Materials provided —
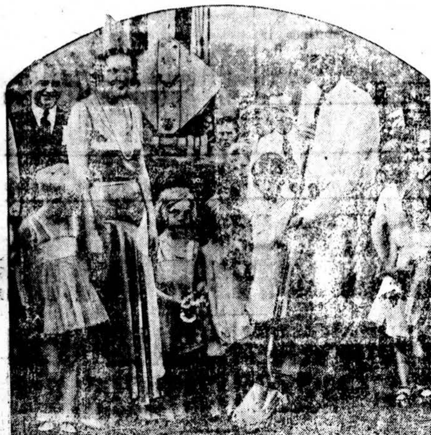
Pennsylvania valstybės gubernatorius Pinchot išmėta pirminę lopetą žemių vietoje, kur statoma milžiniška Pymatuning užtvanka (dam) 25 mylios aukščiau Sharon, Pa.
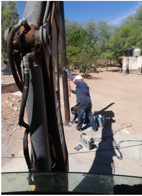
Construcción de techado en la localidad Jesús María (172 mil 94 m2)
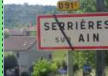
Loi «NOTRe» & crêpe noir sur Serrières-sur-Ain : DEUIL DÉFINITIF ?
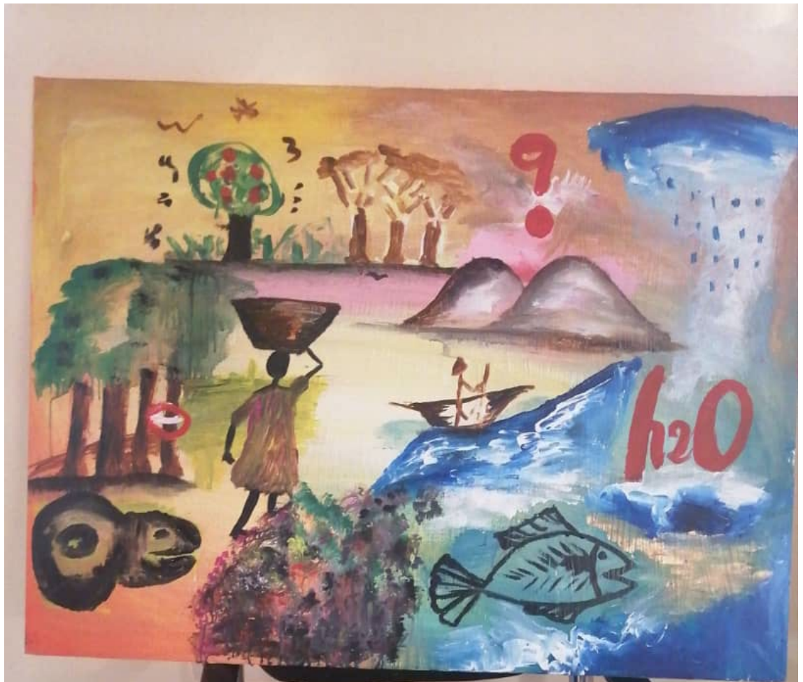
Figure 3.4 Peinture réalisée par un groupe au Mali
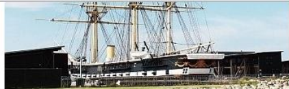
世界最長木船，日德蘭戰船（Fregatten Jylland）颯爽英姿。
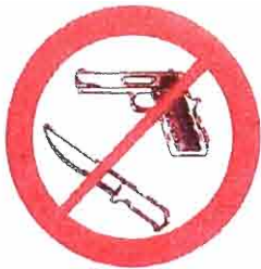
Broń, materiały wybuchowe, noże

==

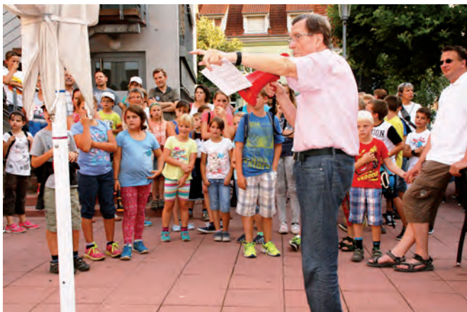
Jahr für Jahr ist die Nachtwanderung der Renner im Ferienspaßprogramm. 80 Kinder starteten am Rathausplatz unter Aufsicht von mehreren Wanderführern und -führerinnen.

What this task involves — Write out word for word the lines of the listing above from the line with "Construcción de techado" to the line with "Broń, materiały wybuchowe, noże", taking in both of those lines but no pictures.

Exercise solution —
Construcción de techado en la localidad Jesús María (172 mil 94 m2)
Loi «NOTRe» & crêpe noir sur Serrières-sur-Ain : DEUIL DÉFINITIF ?
Figure 3.4 Peinture réalisée par un groupe au Mali
世界最長木船，日德蘭戰船（Fregatten Jylland）颯爽英姿。
Broń, materiały wybuchowe, noże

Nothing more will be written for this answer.